BEGIN LISTED RECORDS

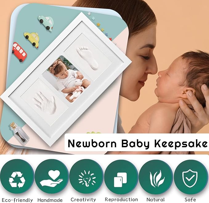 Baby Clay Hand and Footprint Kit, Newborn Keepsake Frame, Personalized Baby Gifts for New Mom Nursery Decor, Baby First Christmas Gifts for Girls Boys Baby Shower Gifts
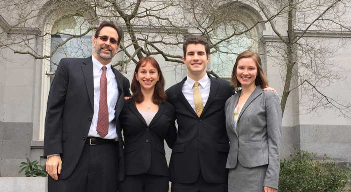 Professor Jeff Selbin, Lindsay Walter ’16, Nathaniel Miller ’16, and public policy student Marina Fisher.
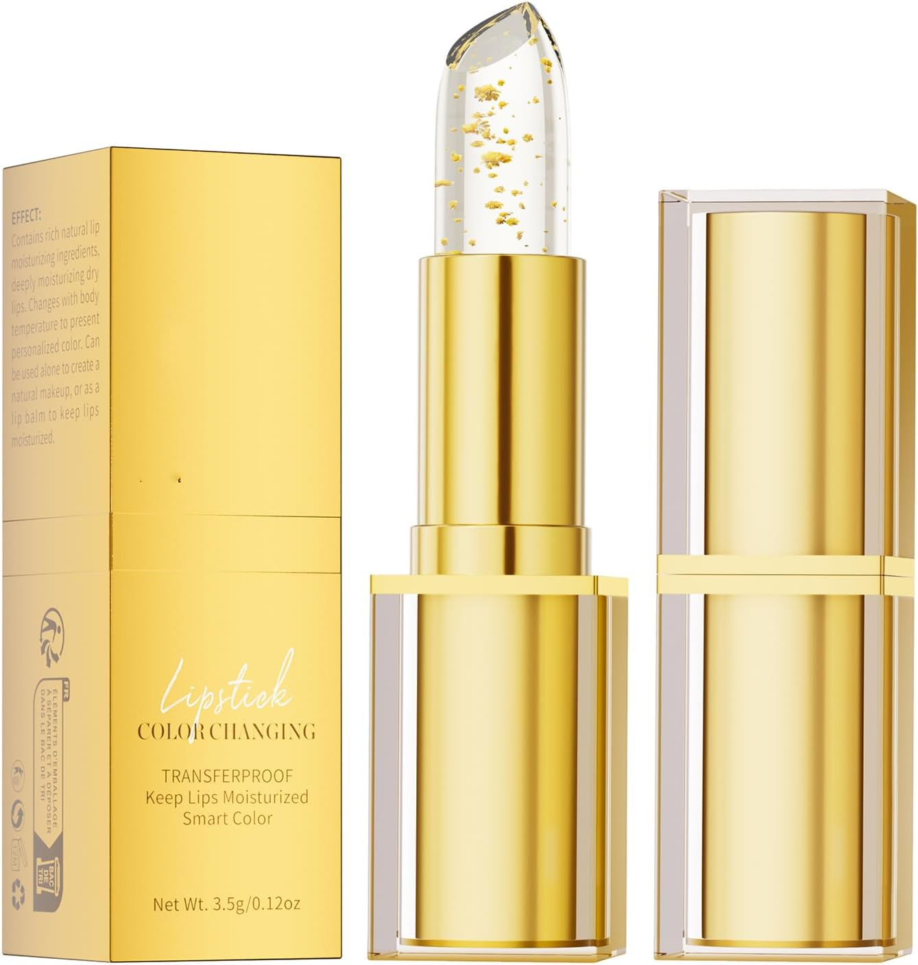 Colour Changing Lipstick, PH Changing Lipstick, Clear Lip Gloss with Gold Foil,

END LISTED RECORDS
BEGIN LISTED RECORDS

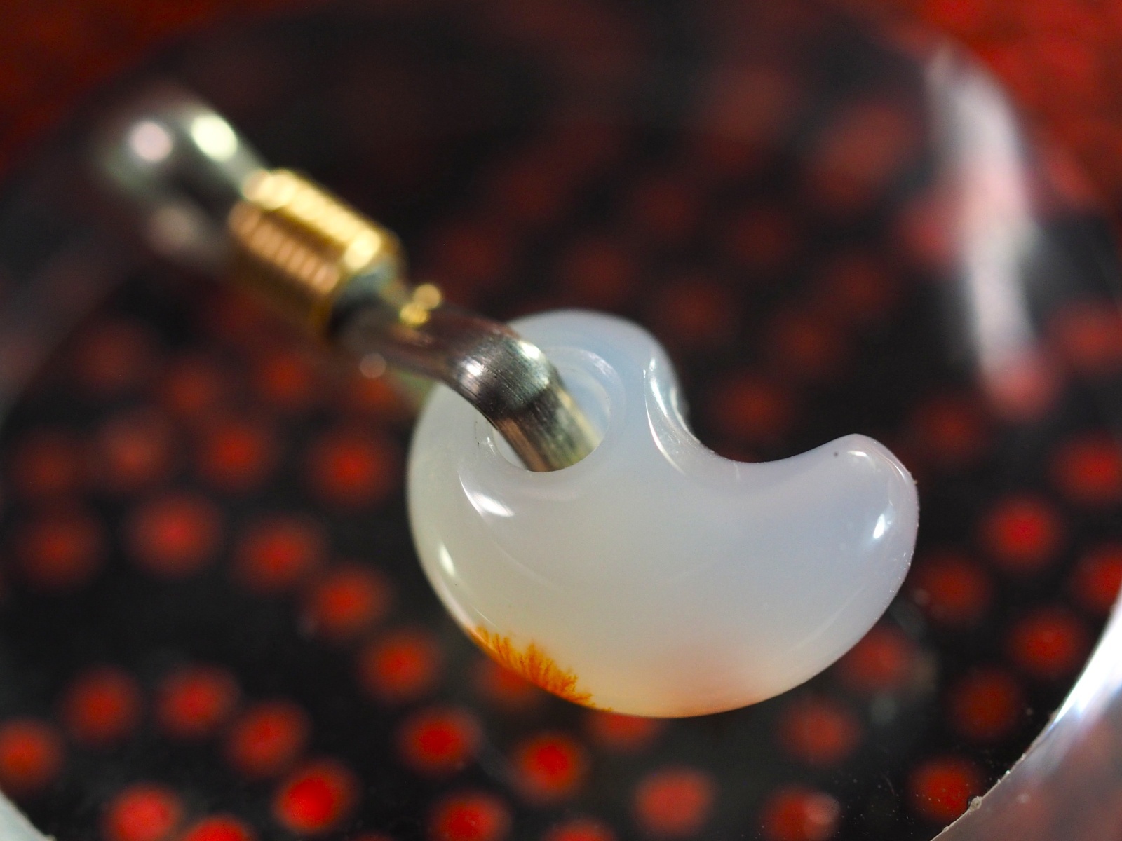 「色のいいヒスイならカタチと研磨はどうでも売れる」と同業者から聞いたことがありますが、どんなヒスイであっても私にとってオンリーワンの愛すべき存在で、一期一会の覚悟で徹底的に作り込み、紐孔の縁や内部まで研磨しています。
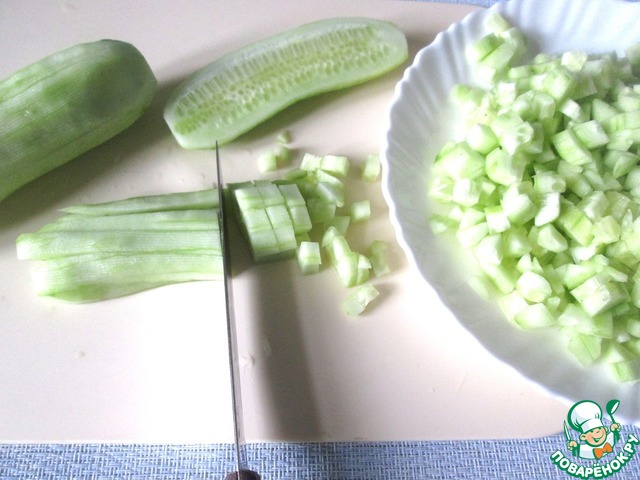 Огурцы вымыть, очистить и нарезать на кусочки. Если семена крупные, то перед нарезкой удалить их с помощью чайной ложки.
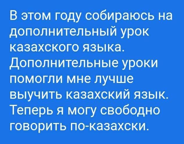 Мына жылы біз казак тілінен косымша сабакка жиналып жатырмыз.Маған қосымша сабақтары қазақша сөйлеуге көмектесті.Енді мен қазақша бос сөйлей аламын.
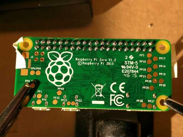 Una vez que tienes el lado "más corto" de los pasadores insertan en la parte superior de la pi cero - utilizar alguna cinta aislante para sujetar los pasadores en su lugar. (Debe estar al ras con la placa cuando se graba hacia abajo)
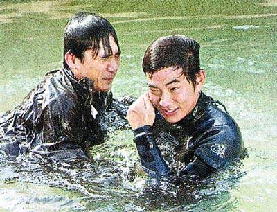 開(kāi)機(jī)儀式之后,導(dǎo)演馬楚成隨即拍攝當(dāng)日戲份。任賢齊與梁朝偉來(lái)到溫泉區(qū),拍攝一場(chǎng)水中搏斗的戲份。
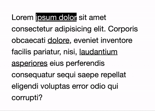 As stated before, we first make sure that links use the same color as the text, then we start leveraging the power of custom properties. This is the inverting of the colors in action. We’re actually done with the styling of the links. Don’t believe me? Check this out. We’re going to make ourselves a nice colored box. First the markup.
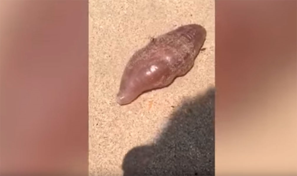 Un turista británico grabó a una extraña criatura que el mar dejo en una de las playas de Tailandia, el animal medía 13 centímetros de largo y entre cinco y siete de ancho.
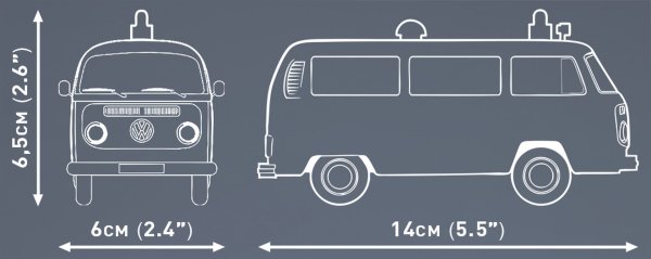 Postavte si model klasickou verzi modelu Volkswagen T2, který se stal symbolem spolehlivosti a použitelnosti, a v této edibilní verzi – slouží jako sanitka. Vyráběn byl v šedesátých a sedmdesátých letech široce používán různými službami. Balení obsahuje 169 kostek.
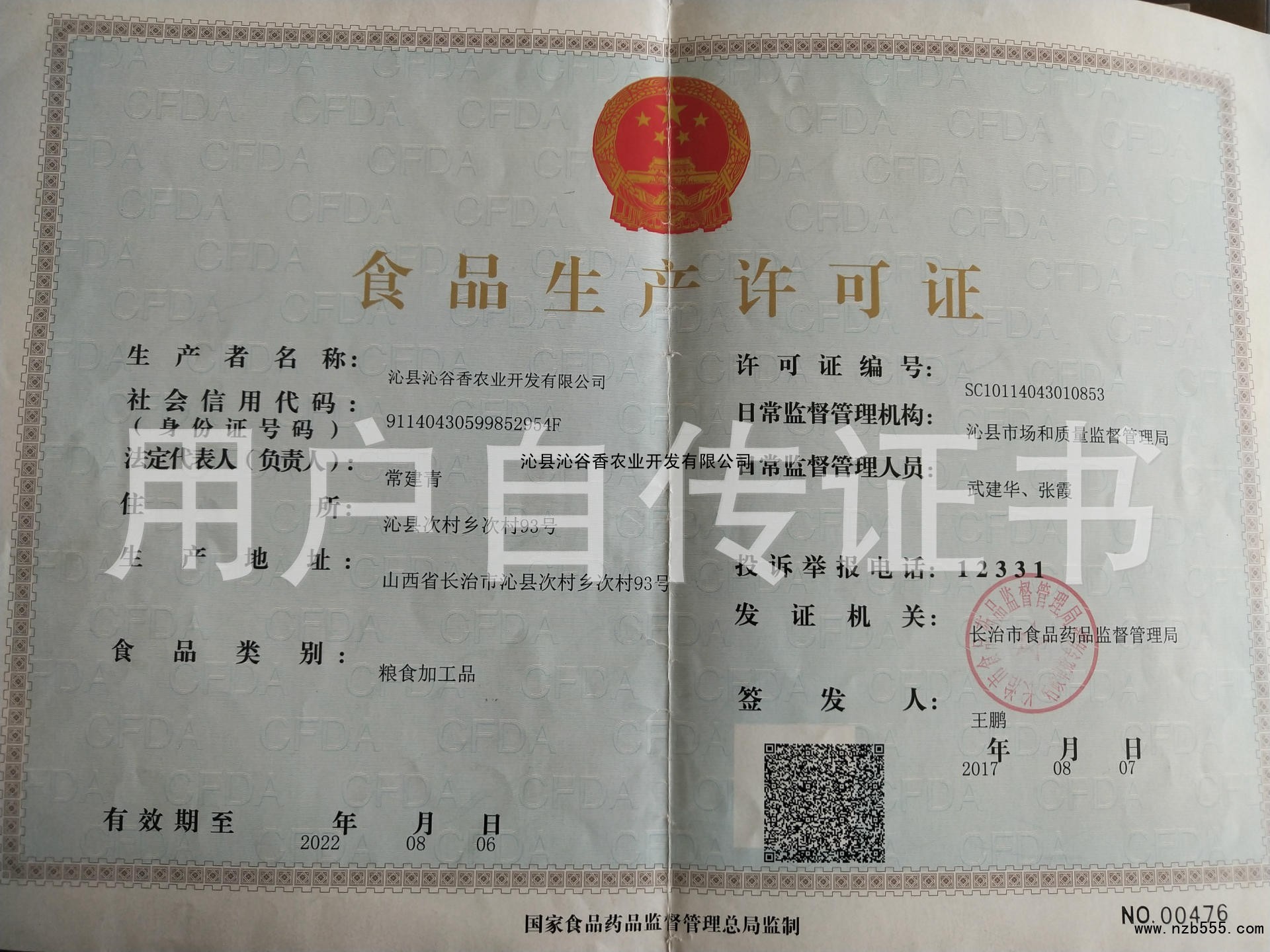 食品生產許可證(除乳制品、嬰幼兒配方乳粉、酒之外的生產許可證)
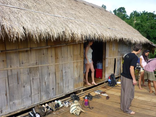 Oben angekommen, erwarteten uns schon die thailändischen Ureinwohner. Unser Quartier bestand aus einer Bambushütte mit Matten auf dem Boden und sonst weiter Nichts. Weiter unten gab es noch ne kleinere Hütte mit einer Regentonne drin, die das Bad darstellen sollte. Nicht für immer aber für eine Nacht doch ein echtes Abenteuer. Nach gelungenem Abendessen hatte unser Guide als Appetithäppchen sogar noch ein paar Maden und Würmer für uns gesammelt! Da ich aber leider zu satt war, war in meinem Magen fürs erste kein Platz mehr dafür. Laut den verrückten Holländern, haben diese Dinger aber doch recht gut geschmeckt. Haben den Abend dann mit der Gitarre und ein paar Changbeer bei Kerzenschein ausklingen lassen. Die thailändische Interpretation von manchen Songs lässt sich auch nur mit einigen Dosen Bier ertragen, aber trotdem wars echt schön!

END LISTED RECORDS
BEGIN LISTED RECORDS

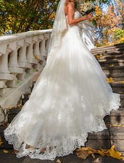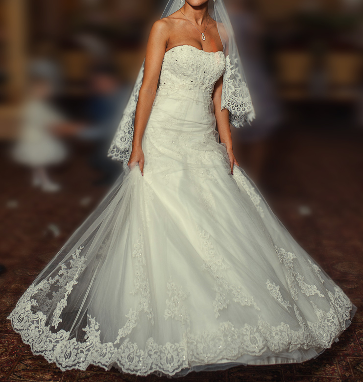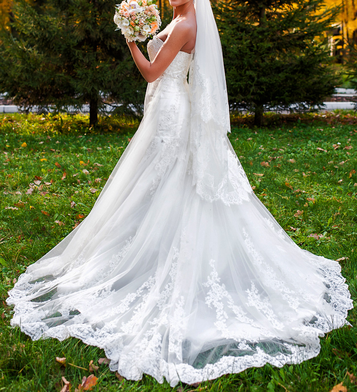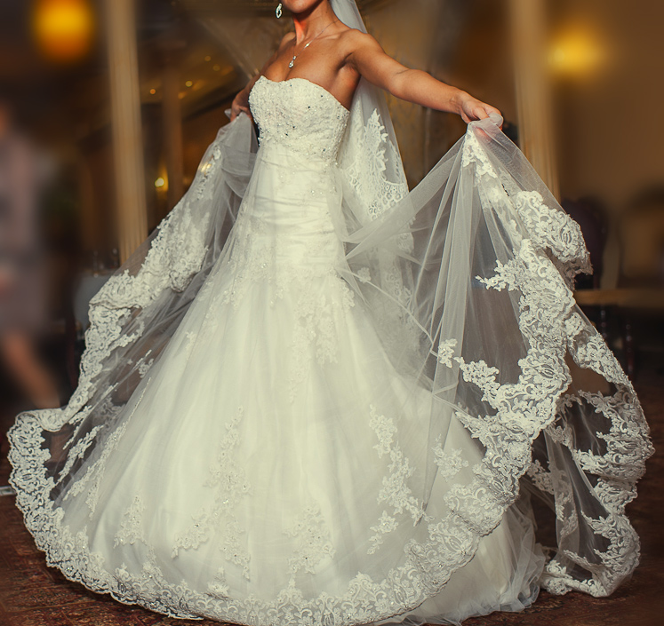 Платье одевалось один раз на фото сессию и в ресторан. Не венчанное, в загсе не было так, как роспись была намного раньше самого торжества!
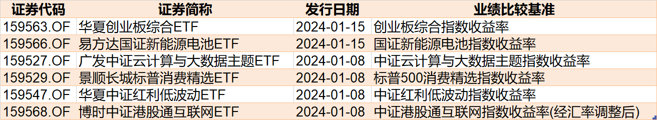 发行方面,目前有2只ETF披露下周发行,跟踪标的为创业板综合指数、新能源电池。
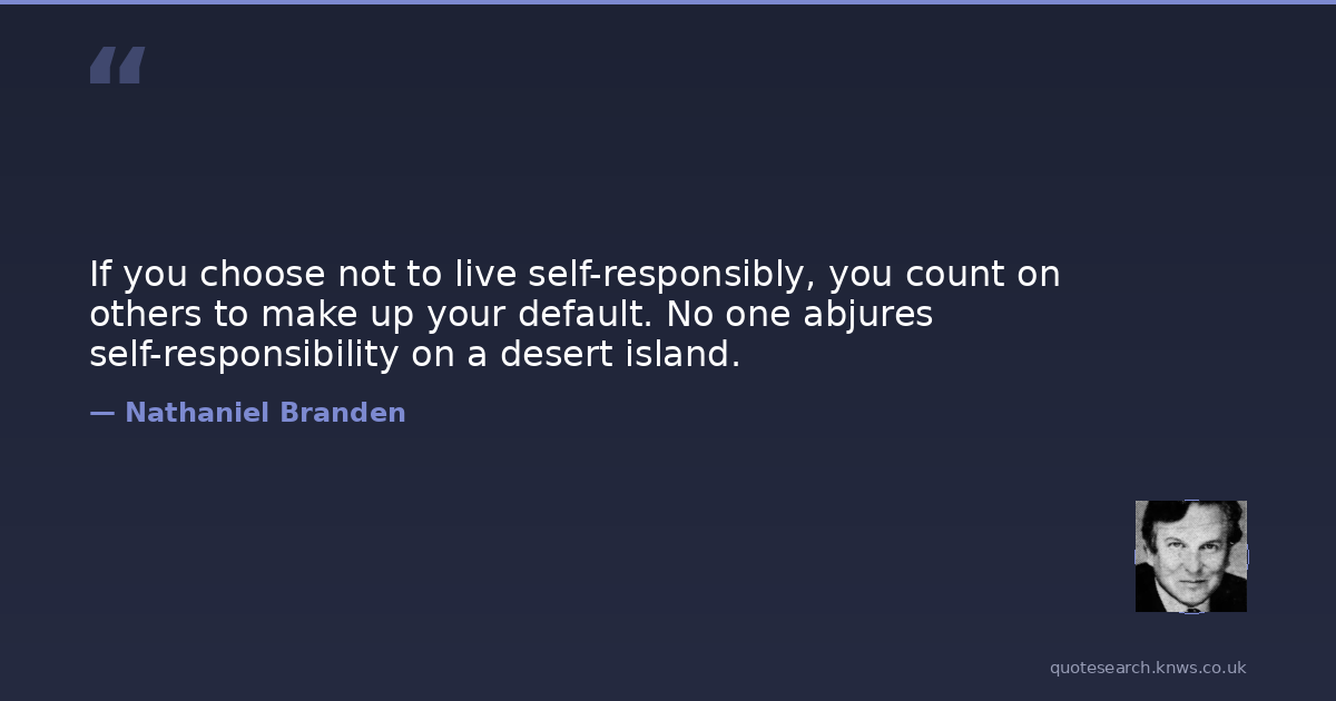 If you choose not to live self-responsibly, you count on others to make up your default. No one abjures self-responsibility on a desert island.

END LISTED RECORDS

= TASK INSTRUCTIONS =
Word for word, write out the lines above running from the one with "Baby Clay Hand" up to and including the one with "Colour Changing Lipstick, PH". Drop any picture.

= RESPONSE FOR THIS EXERCISE =
 Baby Clay Hand and Footprint Kit, Newborn Keepsake Frame, Personalized Baby Gifts for New Mom Nursery Decor, Baby First Christmas Gifts for Girls Boys Baby Shower Gifts
 Professor Jeff Selbin, Lindsay Walter ’16, Nathaniel Miller ’16, and public policy student Marina Fisher.
 Colour Changing Lipstick, PH Changing Lipstick, Clear Lip Gloss with Gold Foil,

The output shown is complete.